The last things the turtles see in the Wal-Mart megastore in northern Beijing are bright fluorescent lights, masked shop assistants and, if they crane their necks over the edge of their plastic container, a chalk board offering them for sale at the bargain price of 39.8 yuan (US$5.00) each.
Once that sum is paid even their shells cannot protect them. They are whisked off to the in-store slaughter counter, where their necks are cut, their blood is drained and they are bagged and tagged ready for the checkout counter.
A similar fate awaits the bass, perch and carp crammed into glass tanks, while there is equally no escape for the crayfish and shrimp that scuttle their last moments around a plastic tray half-filled with water before being scooped onto the scales.
Compared with their counterparts in Britain, Chinese shoppers are not satisfied simply pushing a trolley around a shop to buy products that are carefully packaged to look as different as possible from their origins. They want to net their own fish, grab their own turtles and chop the heads off their own dead ducks. If that means facing up to the fact that every purchase of meat or fish is an execution order, then so be it.
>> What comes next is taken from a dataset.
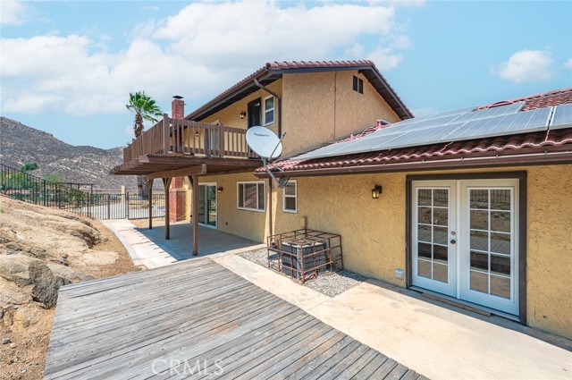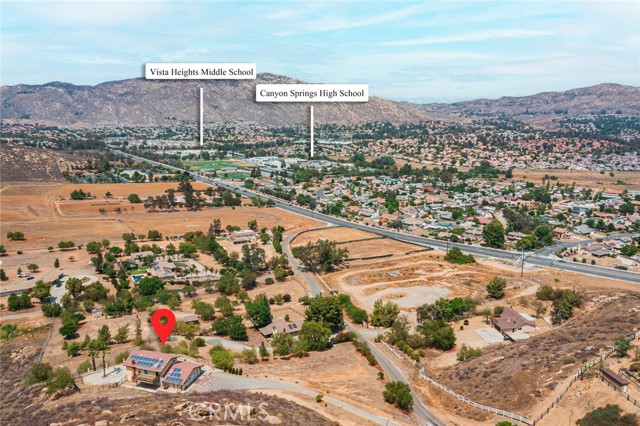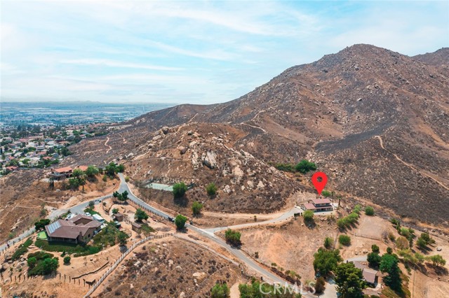 Sitting alone atop a mountain at the end of an extended private driveway, this 4-bedroom retreat delivers unmatched privacy, sweeping mountain views behind, and dazzling 270° city lights in front. Backed by Box Springs Mountain Reserve, the nearly 2-acre property offers complete self-sufficiency with a private well and paid-off solar panels—and no utility bills make off-grid living possible—without sacrificing modern comforts. Inside, warm wood finishes, a stone fireplace, chef’s kitchen, and spacious bedrooms create a cozy, timeless feel. while spacious bedrooms and a separate office add flexibility. The primary suite boasts an oversized terrace perfect for soaking in the stunning vistas. Enjoy space for an ADU, stables, or RV/boat parking. Just 10 minutes from grocery stores, Moreno Valley Mall and all the shopping & dining along the 60 Fwy. Plus, you can jump on I-215 in no time at all, with UC Riverside & downtown Riverside less than 20 minutes from your front door!, this rare mountaintop haven blends off-grid freedom with city convenience—don’t miss it!

If it's not fresh, it won't sell.
This is one of the lessons being learned by a growing number of Western supermarket chains as they surge into the fast-growing Chinese market. This week, Wal-Mart -- the world's biggest retailer -- declared its intention to lead the charge, announcing that it would hire up to 150,000 new staff in China over the next five years. The plan is the most ambitious attempt yet to convert China to Western consumer culture -- albeit with a local flavor.
"We're going to be growing in all directions," Wal-Mart Asia chief executive Joe Hatfield told Reuters news agency in predicting that his company's Chinese operation could be as big as its 3,700-store US business within 20 years.
It is one of many. Britain's Tesco and B&Q, France's Carrefour and Leroy Merlin, Germany's Metro and Tengelmann, and Japan's Ito-Yokado and Aeon have all moved into China in the past decade. Most are now expanding at the rate of 10 to 20 megastores a year. In the fast-food sector Western firms are so ubiquitous that there is even a Starbucks inside the Forbidden City -- Beijing's old imperial palace -- and KFC and McDonald's outlets beside Tiananmen Square.
It is the same in the luxury goods sector, where Prada, Louis Vuitton and Chanel are opening outlets in shopping centers across the wealthy Eastern regions. Even more spectacular is the advance of the sporting giants Nike and Adidas -- adding to their Chinese franchises at the rate of more than a store a day each as the 2008 Beijing Olympics approach.
SPECTACULAR
Like everything in China these days, the change is at a spectacular speed and on a scale the world has never seen before. It is already one of the fastest expansions in retail history, but analysts say it could get faster as international giants race for territory in a US$250 billion retail market that is growing at a double-digit pace.
"All the big players are engaged in a turf war. It is about being first and getting as much coverage in as many cities as possible," said Atiff Gill, senior manager of the Kurt Salmon Associates consultancy. "This is a period of very aggressive growth. We are bordering the top end of the curve. But there is a possibility that investment could grow even faster."